BTW, a couple of thoughts came to me after considering this
issue awhile longer:
1. The really fundamental problem is that we don't update
SpecialJoinInfo's semi_operators/semi_rhs_exprs after discovering that
join-level comparisons of a particular value are unnecessary. We will
then not emit the actual join clause ("t1.a = t4.a" in this example),
but we still list t4.a as something that would need unique-ification.
I looked a little bit at whether it'd be reasonable to do that at the
end of construction of EquivalenceClasses, but I think it'd add a lot
more planning cycles than my v3 patch. A more invasive idea could be
to not compute semi_operators/semi_rhs_exprs at all until we've
finished building EquivalenceClasses. I'm not sure if that'd be
adequately cheap either, but maybe it would be.
2. Another thing that's a bit worrisome is the recognition that
a3179ab69's logic for reconstruction of attr_needed might produce
different results than we had to begin with. It's not necessarily
worse: in the particular case we're considering here, the results
are arguably better. But it's scary to think that if there are
any other bugs in that code, we will only find them in queries that
use join removal. That's not a recipe for thorough test coverage.

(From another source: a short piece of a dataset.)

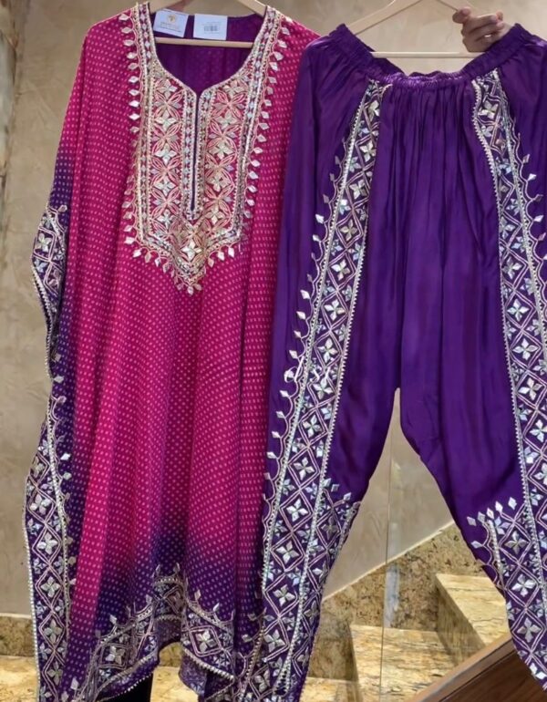 Fabric Details Kaftan Fabric: Premium Chinon Silk Work: Elegant embroidery paired with digital print detailing. Sky-colored hanging tassels adorn both sides, adding a unique touch. Inner: Comfortable micro cotton lining for added softness and ease. Length: 46-47 inches Dhoti Fabric: Soft Butter Silk for a smooth and luxurious feel Work: Enhanced with a fancy embroidered lace border, giving the dhoti a rich and graceful look. Length: 38-39 inches

I wonder if it could be sane to delete the existing logic that builds
attr_needed during initial jointree deconstruction, and instead
always fill attr_needed by running the new "reconstruction" logic.
The trouble with that is we'd have to do it just before starting
join removal, and then again after each successful join removal,
since join removal itself depends on the attr_needed results.
It seems likely that that would net out slower than the current
code. But maybe the difference would be small.
I'm not planning to work on either of these ideas right now,
but I thought I'd put them out there in case someone else is
interested.
regards, tom lane